→ **DATASET EXCERPTS**:
- Opening Delimiter -

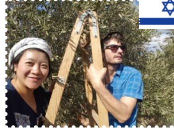
義務參與收割橄欖
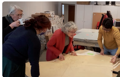
Inventaire des plans à la MSH Mondes, février 2023
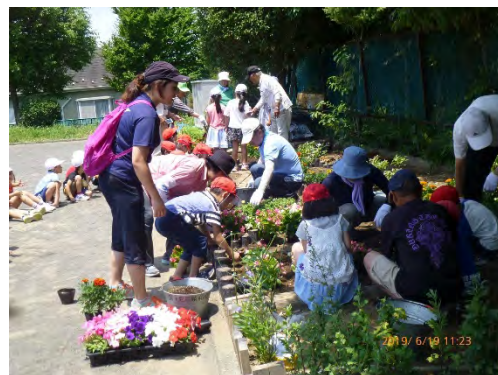
小菅ヶ谷小学校生と本郷台三丁目公園愛護会
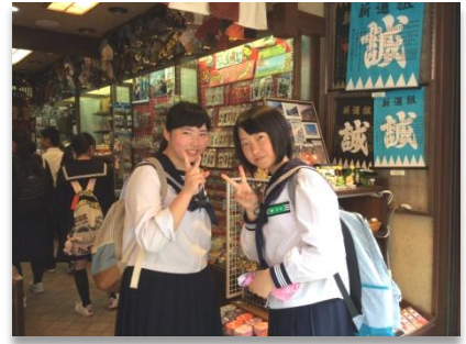
おみやげ、買えたかな？

京都には、歴史や文化を感じさせる建物が数多くあります。二条城では桃山から江戸への文化の移り変わりを見ることができ、その時代ごとの文化が感じられました。また、清水寺の柱は釘を使わない構造で、当時の技術の高さを感じました。京都は歴史と共に文化や技術も変化していて、現在と過去の合わさった素晴らしい場所だと思いました。
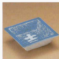
12219-454 吹墨吉角鉢 1,080円 100入 (11.3×11.3×3.5cm)
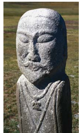
Рис. 7. Изваяние “Даян-батыр”. Монголия.
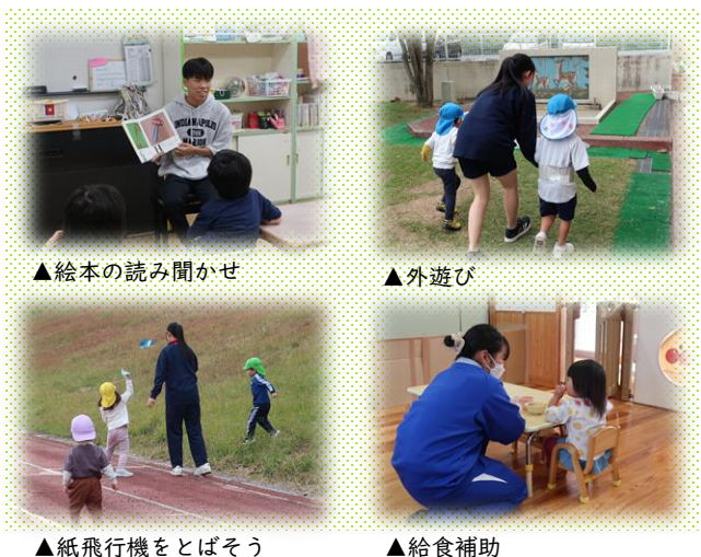
▲絵本の読み聞かせ
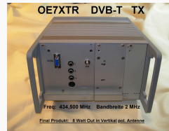
OE7XTR DVB-T TX 70cm
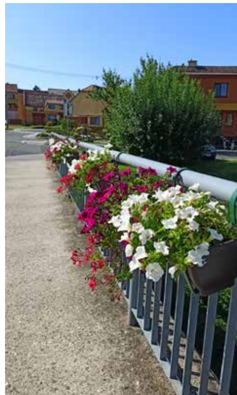
Vysázené květináče na mostě.

- Closing Delimiter -

→ **HOW TO COMPLETE THIS TASK**: Write out each line of the data above exactly, starting at the top and finishing with the line containing "12219-454 吹墨吉角鉢 1,080円 100入 (11.3×11.3×3.5cm)"; omit the pictures.

→ **SOLUTION TO THIS PROBLEM**:
義務參與收割橄欖
Inventaire des plans à la MSH Mondes, février 2023
小菅ヶ谷小学校生と本郷台三丁目公園愛護会
おみやげ、買えたかな？

京都には、歴史や文化を感じさせる建物が数多くあります。二条城では桃山から江戸への文化の移り変わりを見ることができ、その時代ごとの文化が感じられました。また、清水寺の柱は釘を使わない構造で、当時の技術の高さを感じました。京都は歴史と共に文化や技術も変化していて、現在と過去の合わさった素晴らしい場所だと思いました。
12219-454 吹墨吉角鉢 1,080円 100入 (11.3×11.3×3.5cm)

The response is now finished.